Dilution is the solution to pollution. There will be much more copper being flushed down drains, spilt down driveways, eroded from copper pipes and being sold as a drain cleaner and soil conditioner from Bunnings. www.bunnings.com.au/manutec-500g-copper-sulphate-soluble_p2961523?store=7380&gclsrc=aw.ds&gad_source=1&gad_campaignid=23022021534&gbraid=0AAAAADtbEB_6Bn2e1jpqxQOdTSeE5fRZe&gclid=Cj0KCQiAo4TKBhDRARIsAGW29bciqCBT7wyplceUK4vaQLAsy3m1j3ZbZI5nbs4E1kJH5eVqaufay30aAniHEALw_wcB
We all have an impact - what gets my goat is when people who drive cars, fly in planes, flush their dunnies, get pest people in, wash paint brushes in water, buy industrial products, get on public transport and basically produce pollution, then look at boats and go "They are pooing in the water stop them!" So most of the time we are fine - which is why we can still poo in the water, but every now and then the word chemical gets used and people freeze. I like to get the Chem kids to laugh at things like "Chemical free" which means there is nothing in it. Even water is a chemical. Some simple maths shows Serb is fine in a nice harbour like Sydney.
Got it wrong - the correct maths is
0.13kg of dissolved copper in 750 000 000 000litres.This means 1.7 x 10-13kg parts per litre or 1.7 x 10-10g/L if ALL the copper from the paint is released (which it isn't).
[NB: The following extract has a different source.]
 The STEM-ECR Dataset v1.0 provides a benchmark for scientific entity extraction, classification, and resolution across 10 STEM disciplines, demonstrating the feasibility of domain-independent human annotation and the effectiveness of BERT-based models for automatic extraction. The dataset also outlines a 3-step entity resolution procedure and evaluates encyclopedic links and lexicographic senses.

Also I am just using one tide a day when we now there are two so my calcs are twice as high as they will be really.
The most sensitive invertebrates during the most sensitive time of development is about 2 micrograms/litre. Fish can handle hundreds of times more copper. Also the copper has to be in complex forms to be absorbed properly (a thing called a ligand). Serbs stuff is metallic which is much less absorbable. So 1.7 is about 2. If we did what Serb says we would at most pollute the harbour an extra 2 x 10-10 gl/l. And the MOST sensitive animals at their most sensitive time is affected by 2 x 10-6 g/l. So even if 100 seabreezers did what Serb said, they would make the water one ten thousandth more toxic (Really 5 one hundred thousandths). It is not going to do anything. I think anyone who wants to is fine to go ahead and use Serbs recipe. Just don't tell a bureaucrat.
Yes, you are correct, I did a basic calc using static water volume and 50% of all boats (best guess I could find of 20,000) doing it got us to the lower end of the order of magnitude where negative effects could occur. So my guesstimations were a couple of orders of magnitude higher.
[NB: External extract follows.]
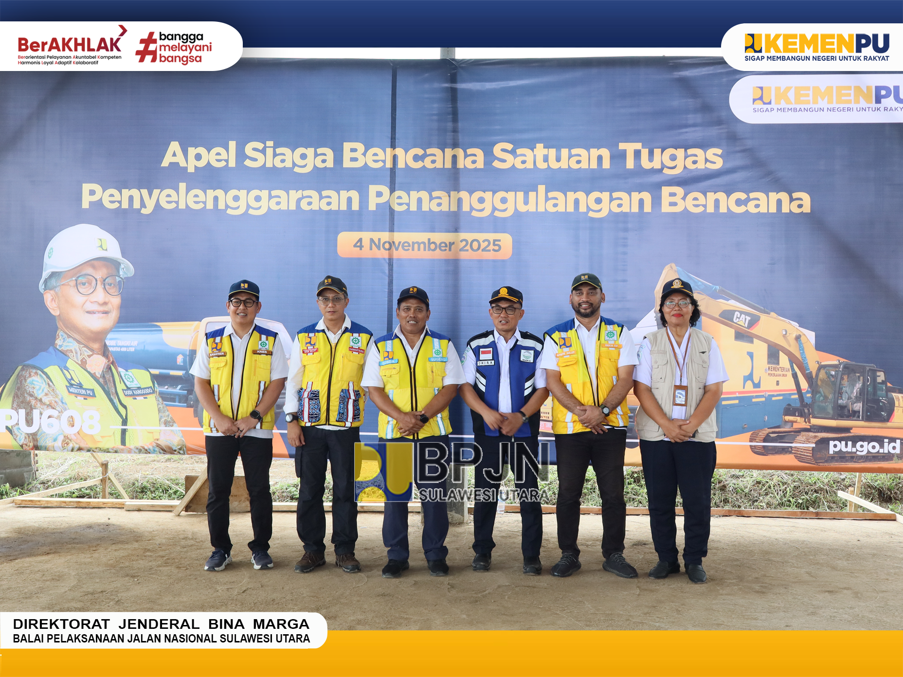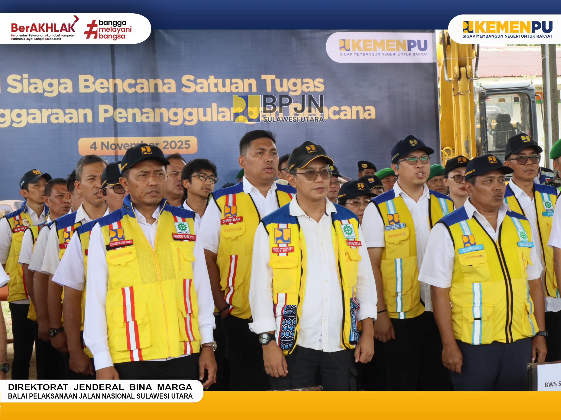 Selasa, (04/11/2025). Unit Pelaksana Teknis (UPT) Kementerian Pekerjaan Umum (PU) Provinsi Sulawesi Utara mengikuti kegiatan Apel Siaga Bencana, sebagai bentuk antisipasi dampak perubahan musim sesuai dengan prakiraan daerah potensi bencana hidrometeorologi ekstrem basah khususnya puncak musim penghujan di bulan November 2025 hingga bulan Februari 2026 dan kesiapan jelang Natal dan Tahun Baru (Nataru).

Totally agree with we all have an impact, I got triggered to check after recently reading about the build up of rat poisons in raptors and owls, the goal can and IMO should be to minimise the negative.
Note that while this may be affected by many other factors including temp and location there have been studies that show beyond a certain point more copper can result in less effective anti foul.
Lagerstr?m et al., 2020 - "Antifouling paints leach copper in excess - study of metal release rates and efficacy along a salinity gradient".